Hunan Province contained the largest area of high-suitable habitat, covering 85,364.23 km2, followed by Guizhou (79,544.49 km2), Sichuan (75,656.62 km2), Hubei (74,714.83 km2), Jiangxi (70,778.66 km2), Shaanxi (65,079.66 km2), and Fujian (62,495.80 km2). Each of the remaining provinces has less than 60,000 km2 of high-suitable habitat. Under the current climatic conditions, the combination of medium- and high-suitable habitats indicated that Hunan, Guizhou, Sichuan, and Jiangxi are the most suitable regions for the growth of H. dulcis.

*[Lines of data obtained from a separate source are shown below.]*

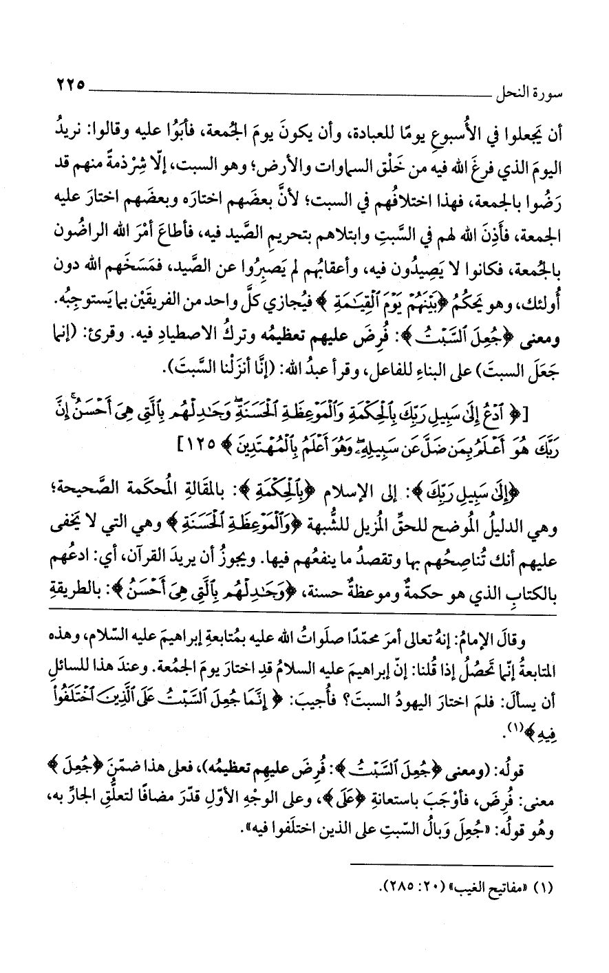 وقال الإمام: إنهُ تعالى أمر محمداً صلوات الله عليه بمتابعة إبراهيم عليه السلام، وهذه المتابعة إنما تحصلُ إذا قلنا: إن إبراهيم عليه السلام قد اختار يوم الجمعة. وعند هذا للسائل أن يسأل: فلم اختار اليهود السبت؟ فأجيب: (إِنَّمَا جُعِلَ السَّبْتُ عَلَى الَّذِينَ اخْتَلَفُوا فِيهِ).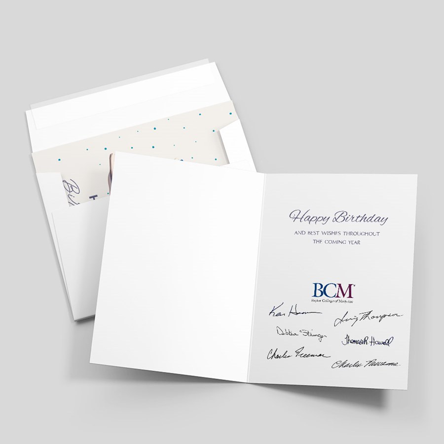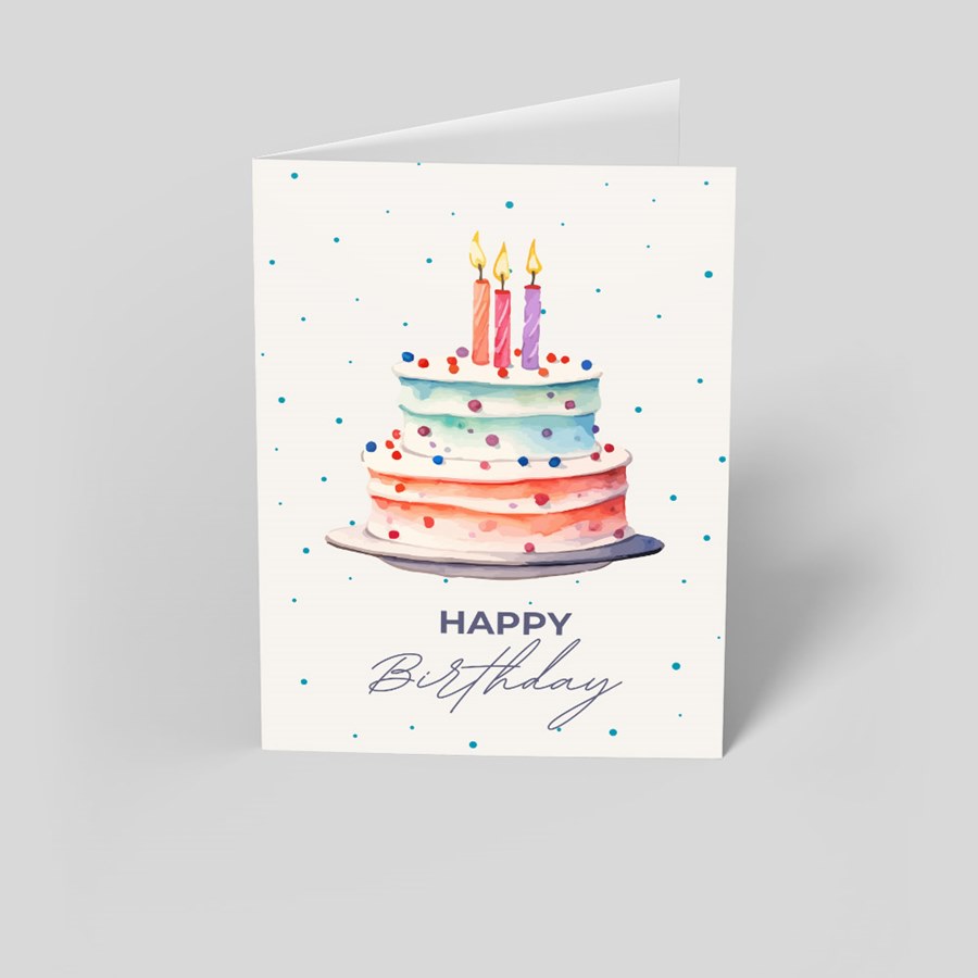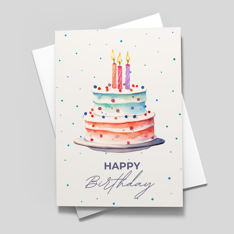 A bright, professional greeting that balances charm with a polished look. The front features a multi-tiered, pastel cake—pink, blue and white layers—topped with three candles and surrounded by colorful confetti dots. The elegant "HAPPY Birthday" sentiment sits beneath the illustration on a clean white field, making the design instantly legible and appropriate for both personal and corporate celebrations. The folded card presents a crisp blank interior, ready for handwriting or inked personalization. Your choice of coordinating lined or unlined envelopes are included.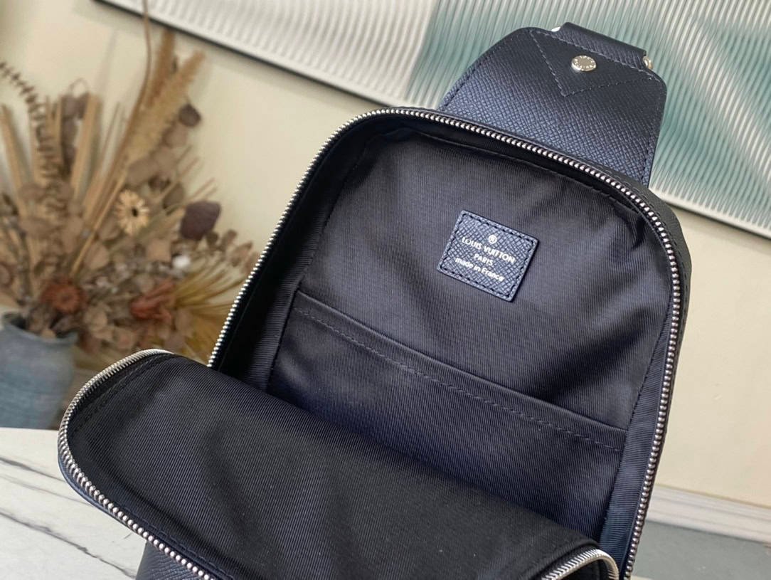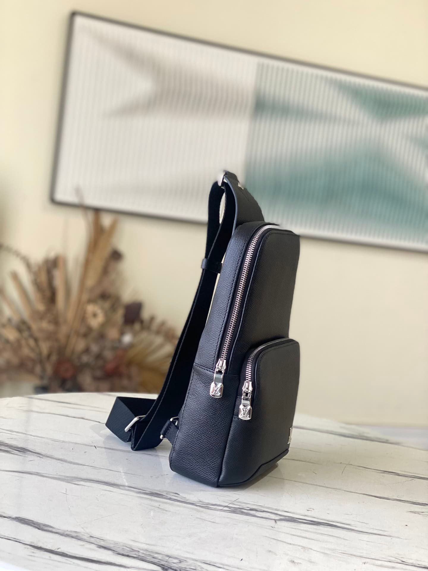 Avenue shoulder bag is made of Taïga leather to outline the iconic lines, embellished with letters, and the front zipper pocket and inner patch pocket are integrated into functionality, providing a trendy alternative to traditional backpacks. Adjustable shoulder strap and hook buckle for left and right carrying.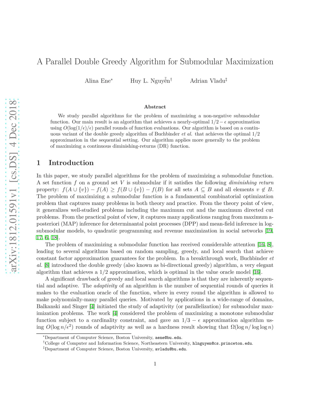 A Parallel Double Greedy Algorithm for Submodular Maximization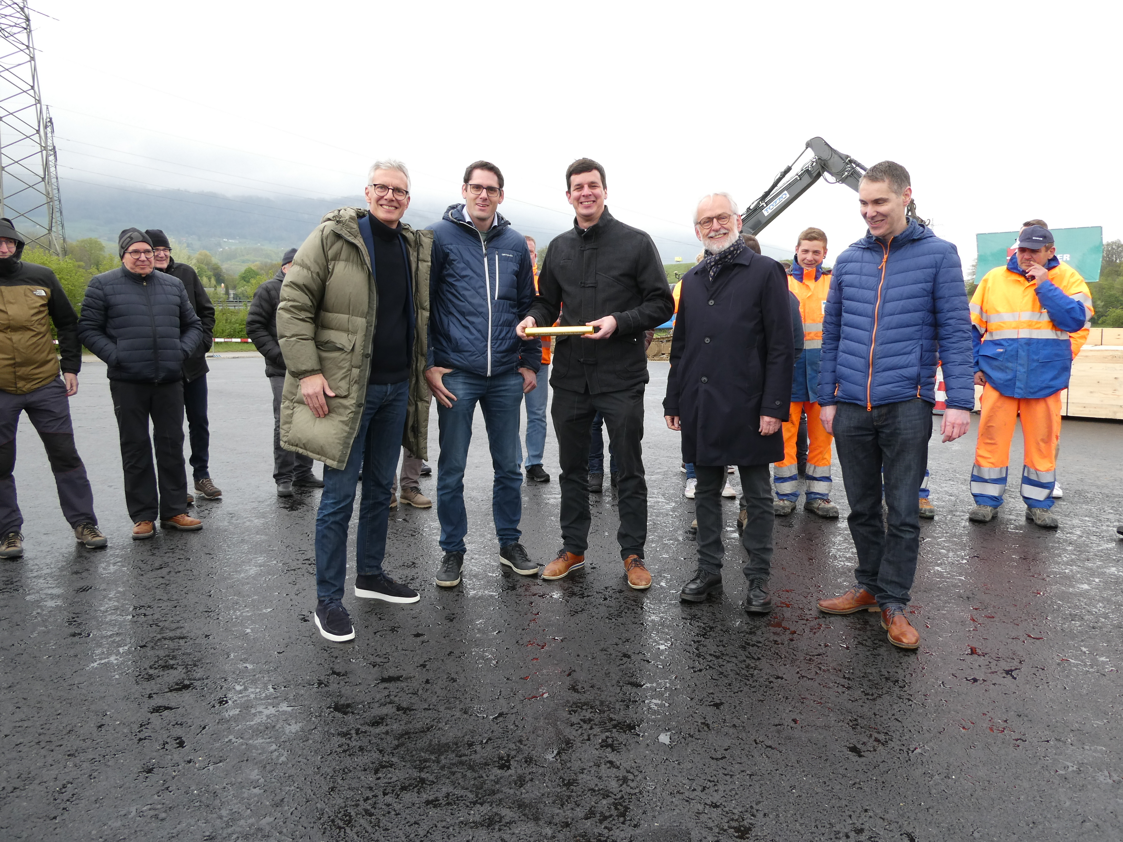 Nach langer Planungszeit war es am Freitag, 19.04.2024 endlich so weit. Die Realisierung des Grossprojektes A1 6-Streifen-Ausbau zwischen Luterbach und Härkingen wurde mit dem Spatenstich der Vorarbeiten auf dem Installationsplatz in Wangen a.A. offiziell gestartet.

3.6 Changes in the suitable habitat of H. dulcis under SSP126 and SSP585 scenarios

Further analysis of Figure 6 and Supplementary Table S5 illustrated changes in suitable habitats of H. dulcis under two future climate scenarios. Under the SSP126 scenario, suitable habitats across China were projected to expand in both the 2050s and the 2090s. Hebei, Liaoning, Ningxia, and Beijing exhibited continuous and significant expansion during both periods, with Hebei showing the greatest increase (216.93%) by the 2090s. In the 2050s, Shanxi and Gansu displayed the highest growth rates (70.03% and 33.67%, respectively), whereas Guangxi and Guangdong experienced declines of 23.40% and 17.70%. Among provinces with suitable habitat areas exceeding 15,000 km2, more exhibited habitat loss than expansion, while those below this threshold showed more variable patterns. By the 2090s, the reductions in Guangxi and Guangdong intensified to 30.53% and 21.18% respectively. Chongqing shifted from habitat reduction in the 2050s to expansion in the 2090s, while Yunnan followed the opposite trend. Overall, the number of provinces experiencing habitat loss exceeded those with gains, and the spatial pattern of habitat expansion and contraction remained largely consistent throughout the two periods.

Under the SSP585 scenario, Liaoning Province exhibited an exceptionally high growth rate of 1,936.36% by the 2090s, mainly due to the small baseline habitat area under current conditions. Therefore, even a moderate absolute increase resulted in a disproportionately high relative growth rate. Hebei, Shanxi, and Gansu also witnessed substantial increases, reaching 284.98%, 147.01%, and 121.36%, respectively, whereas Shandong and Guangxi saw an accelerated declines of 58.79% and 51.13%. Guizhou and Yunnan displayed more dynamic trends, with initial increases in the 2050s followed by declines in the 2090s. Among provinces with suitable areas exceeding 15,000 km2, the numbers of those gaining and losing habitats were roughly comparable, yet a net contraction was observed at the national scale. Both scenarios consistently revealed obvious north-south differences, with an increase in suitability in northern China and a decrease in suitability in southern regions.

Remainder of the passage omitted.